Data provided —

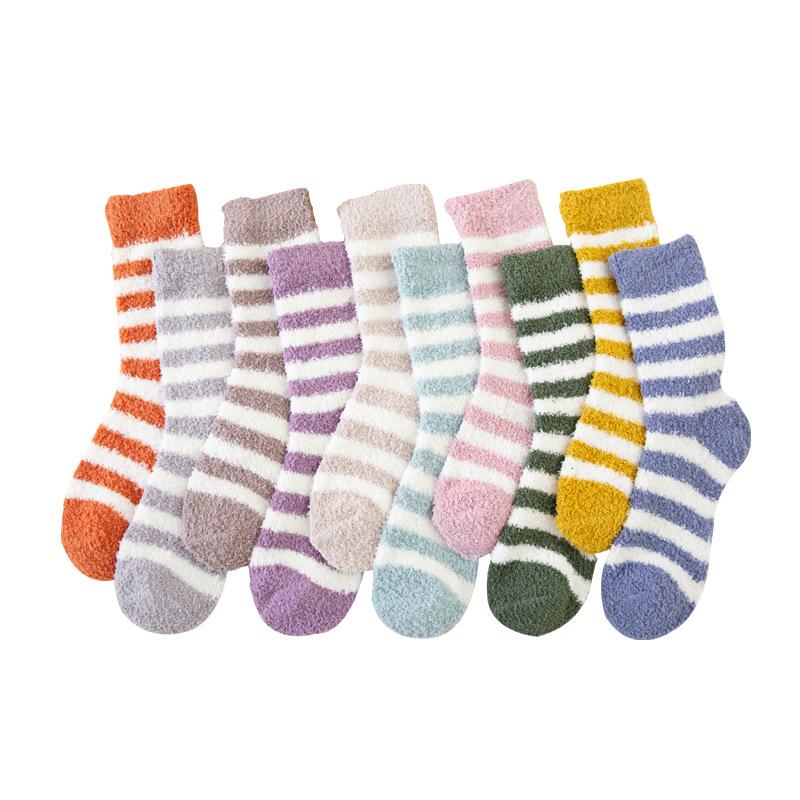 5/10 Paar Lässige Winter Verdickte Gestreifte Korallenfleece Socken für Damen Fleecegefüttert Warme Haus Schlafsocken Mittlere Wade Plüsch Boden Socken Überzieher
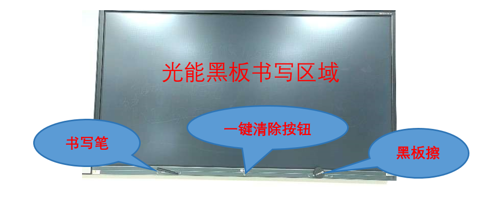 1、书写:需要进行板书时,使用光能黑板下方的书写笔在光能黑板上进行书写,书写完成后请将书写笔归还原处。
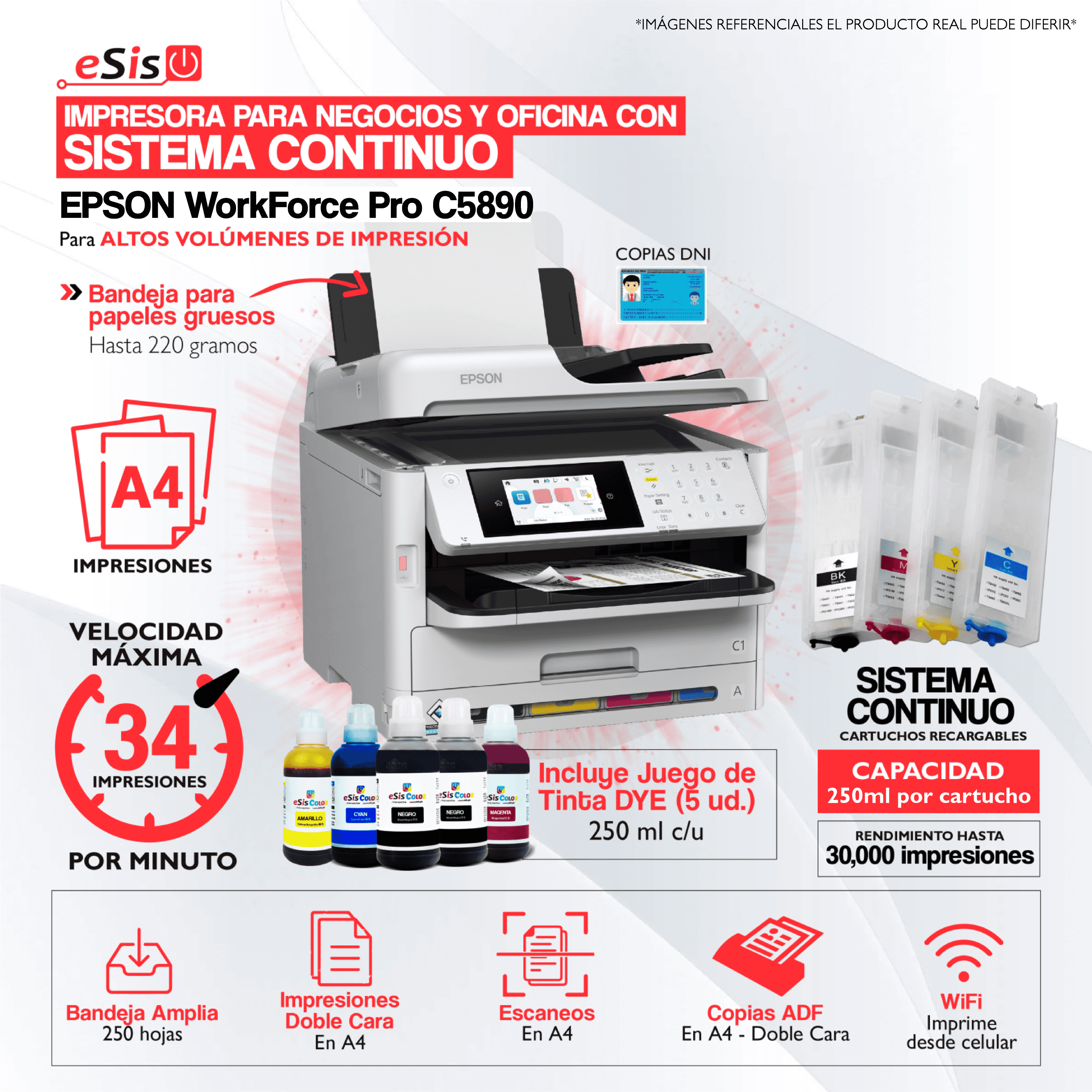 Impresora Epson WorkForce WF-C5890 + Sistema Continuo (Tinta DYE)

Your task — Extract the run of lines from the line holding "1、书写:需要进行板书时,使" through the final line of the material above, exactly and inclusively. Leave the pictures behind.

Result —
 1、书写:需要进行板书时,使用光能黑板下方的书写笔在光能黑板上进行书写,书写完成后请将书写笔归还原处。
 Impresora Epson WorkForce WF-C5890 + Sistema Continuo (Tinta DYE)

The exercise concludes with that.